Of course that is totally unrealistic, and I knew that so I sent you a text message. But that should have been enough…ha, who am I kidding? Myself.

I’d be embarressed if you were to find out that I sat on that bench for 2 and a half hours. Never moved, just sat there. Watching every car that pulled in, waiting for yours. Of course if I was being realistic you could have walked over…

The weather was as confused as my feelings. One minute the sun would shine down on me and my jean covered legs would burn. I was afraid my face was being fried. Then the next the sun would disappear, the wind would blow and I would be doused with water from the fountain in the middle of the pond, shivering….sitting there thinking any second you would come up behind me. Or my phone would ring, I would pull it up casually and say in sad voice “Privyet?”

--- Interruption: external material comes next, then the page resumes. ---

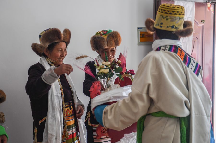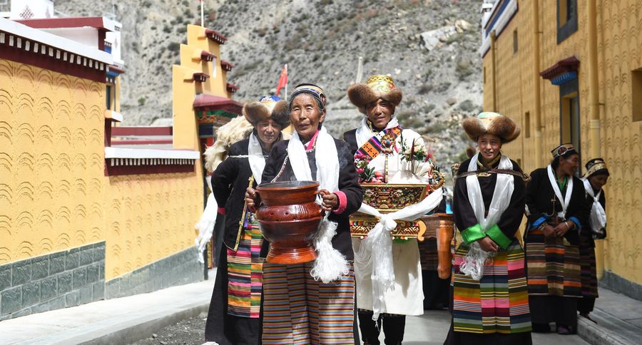 Villager Dainzin Quzhen (front) holds a traditional rite in front of her new house in Lhozhag Town of Lhozhag County, Shannan City, Sept. 21, 2019. (Xinhua/Jigme Dorje)

I watch too many damn movies.

When I lost all hope of you materalizing, or even answering my phone call before my legs fell asleep completely I started to plan out what I would say when you did finally call. You see I work till 4 tomorrow but I could meet you at the park or Barnes and Nobles at 4:30. If you weren’t too busy. I wouldn’t want you to think that I asked you to come just to complain so I would ask you when you were leaving for vacation, etc.

I really didn’t want to see you just to complain anyway, I just wanted to see you.

We were going to sit on that bench together, swinging our legs. If mine don’t touch the grounds, I know yours won’t…we were going to watch the pond ripple, the sun shining on it, the geese floating around. It was so picturesque, there were kites flying, every now and then a child would lose a balloon and I’d watch it go sailing. Old couples were sitting on benches together. I even had my ipod so in my head I even had the background music.

I wasn’t going to tell you anything, I didn’t want to think of it all anymore anyway. I just wanted to sit there with you. Resting my head against your shoulder like a little girl with her dad. If the little girl’s dad lets her do such things.

But I called you at 1.30, now its 10.30 and I have given up even the possiblity of you answering back at all. Why won’t you play your part as I have scripted?